All of the above tests were done with 10kbyte messages. M-Store X.400 is designed so that performance is not significantly affected by message size. One fetch test was repeated using 200 kByte messages.
|Fetch New Messages (1 client)||10 kByte||155|
|Fetch New Messages (1 client)||200 kByte||153|
This indicates that performance is reasonably independent of message size.
Sizing and Scaling
The tests have been performed on a reasonably large system, and the numbers will easily meet the requirements of many deployments. This section considers first how the system will scale on the increase of some parameters:
- Number of mailboxes. There is very little dependency on the number of mailboxes, and it is anticipated that the server will scale well to support thousands of mailboxes, without significant performance impact.
- Mailbox size. The large mailbox model tested mailboxes of 10,000 messages. Moderate increase of this size is not expected to have significant impact. Some tests were done for a mailbox of 1,000,000 messages. This is usable, but would not be generally recommended for the current product version.
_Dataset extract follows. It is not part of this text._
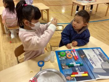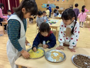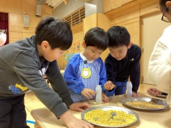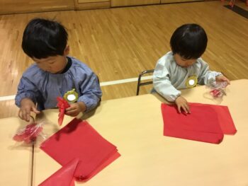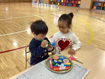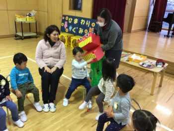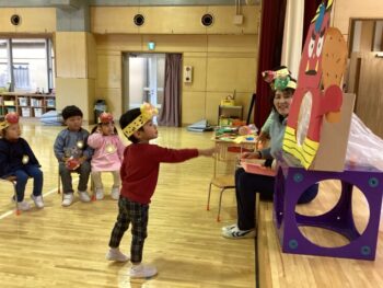3学期も元気に幼稚園に来てくれているひまわりぐみさん。1月は凧を作って園庭で凧揚げをしたり、節分に向けて鬼のお面を作って鬼退治ごっこをしたり、藤組のお兄様お姉様と一緒に遊んだりと色々な経験をしました。お友だちのお名前を覚えたり、一緒に遊んだり、協力してお片付けをしたりと、子どもたち同士の関りが少しずつ増えてきたことも嬉しく思います。

- Total number of messages. There are scaling implications for the total number of messages, particularly for the index server. It is anticipated that use for up to 10,000,000 messages in total would not give significant degradation in performance.
Where a very high performance system is needed, a number of options are available:
- Use a higher specification server, and in particular higher performance disks.
- Split load across multiple servers.
- Use of multiple file systems.
- Operate M-Store X.400 and the index server (M-Vault X.500) on separate servers.